Work instructions
From the first line to the last, copy the material word for word; pictures stay out.

Data excerpt

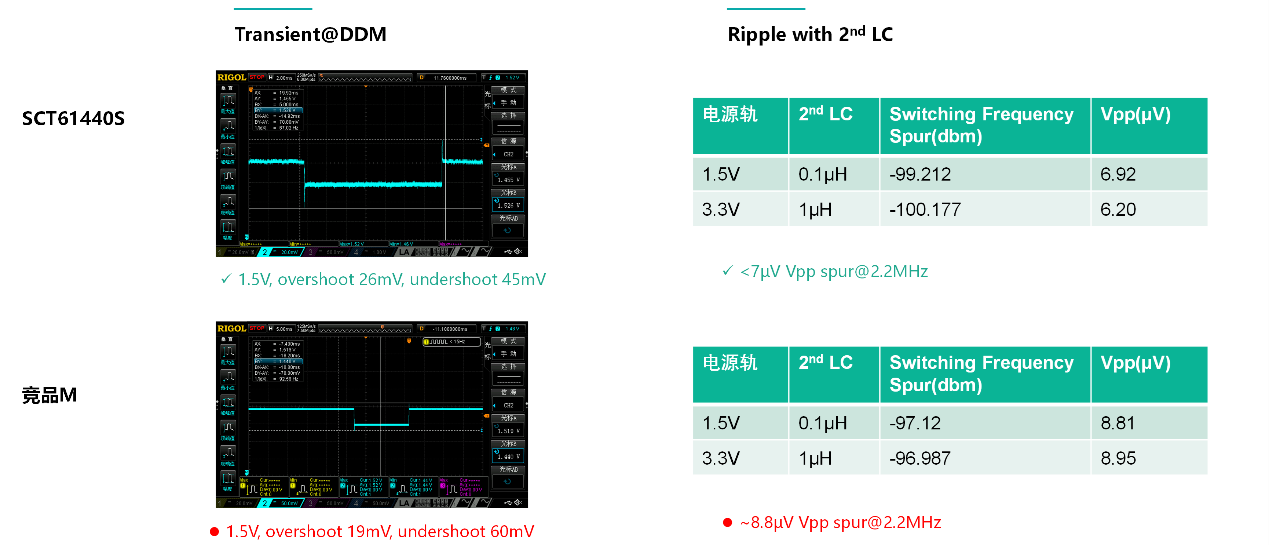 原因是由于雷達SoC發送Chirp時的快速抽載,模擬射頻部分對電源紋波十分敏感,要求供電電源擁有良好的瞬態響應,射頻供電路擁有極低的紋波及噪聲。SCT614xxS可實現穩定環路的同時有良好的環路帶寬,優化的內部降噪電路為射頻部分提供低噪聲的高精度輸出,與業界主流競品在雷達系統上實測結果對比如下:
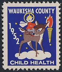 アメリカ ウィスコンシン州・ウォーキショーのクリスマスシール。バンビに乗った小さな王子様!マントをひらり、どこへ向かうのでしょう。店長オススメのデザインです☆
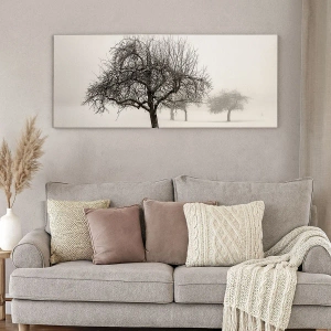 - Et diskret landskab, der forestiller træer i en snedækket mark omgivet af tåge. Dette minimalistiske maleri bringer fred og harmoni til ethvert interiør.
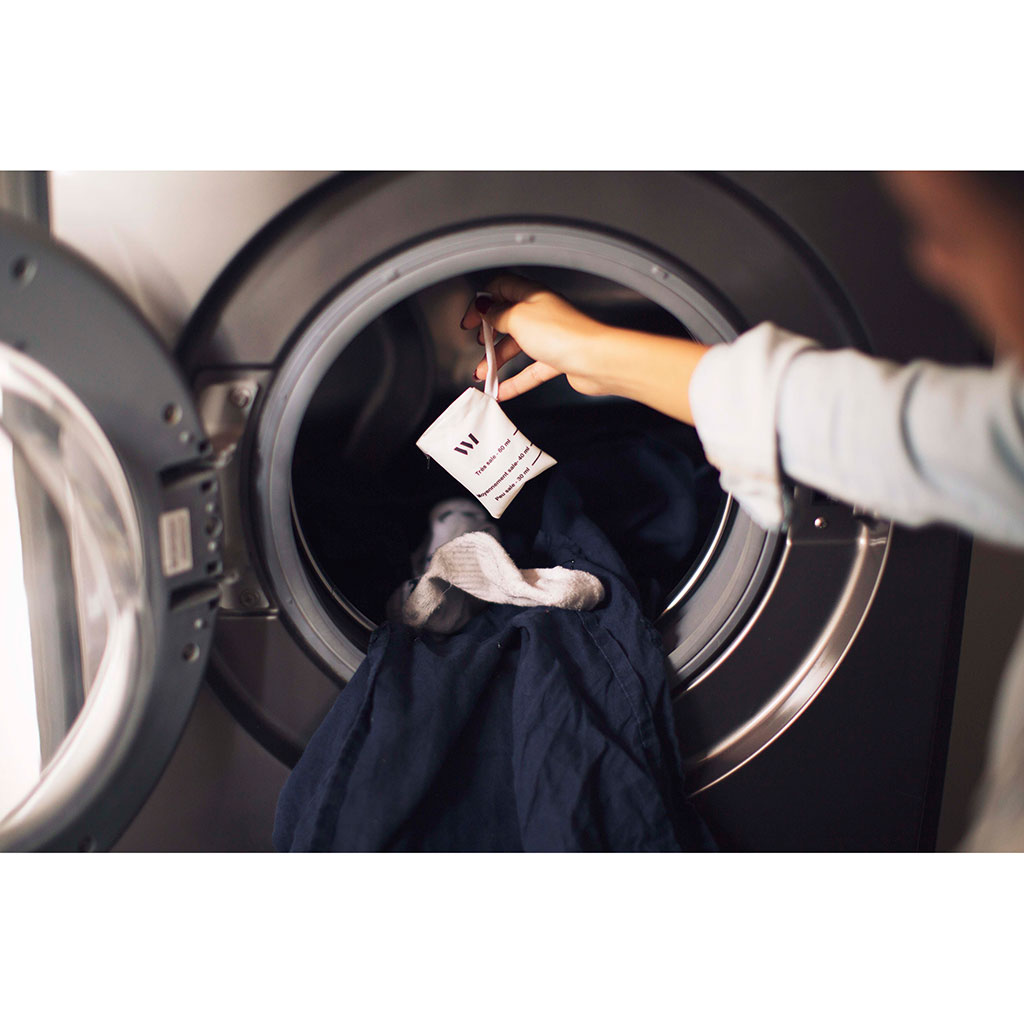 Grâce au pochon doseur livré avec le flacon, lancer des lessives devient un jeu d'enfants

Response area
 原因是由于雷達SoC發送Chirp時的快速抽載,模擬射頻部分對電源紋波十分敏感,要求供電電源擁有良好的瞬態響應,射頻供電路擁有極低的紋波及噪聲。SCT614xxS可實現穩定環路的同時有良好的環路帶寬,優化的內部降噪電路為射頻部分提供低噪聲的高精度輸出,與業界主流競品在雷達系統上實測結果對比如下:
 アメリカ ウィスコンシン州・ウォーキショーのクリスマスシール。バンビに乗った小さな王子様!マントをひらり、どこへ向かうのでしょう。店長オススメのデザインです☆
 - Et diskret landskab, der forestiller træer i en snedækket mark omgivet af tåge. Dette minimalistiske maleri bringer fred og harmoni til ethvert interiør.
 Grâce au pochon doseur livré avec le flacon, lancer des lessives devient un jeu d'enfants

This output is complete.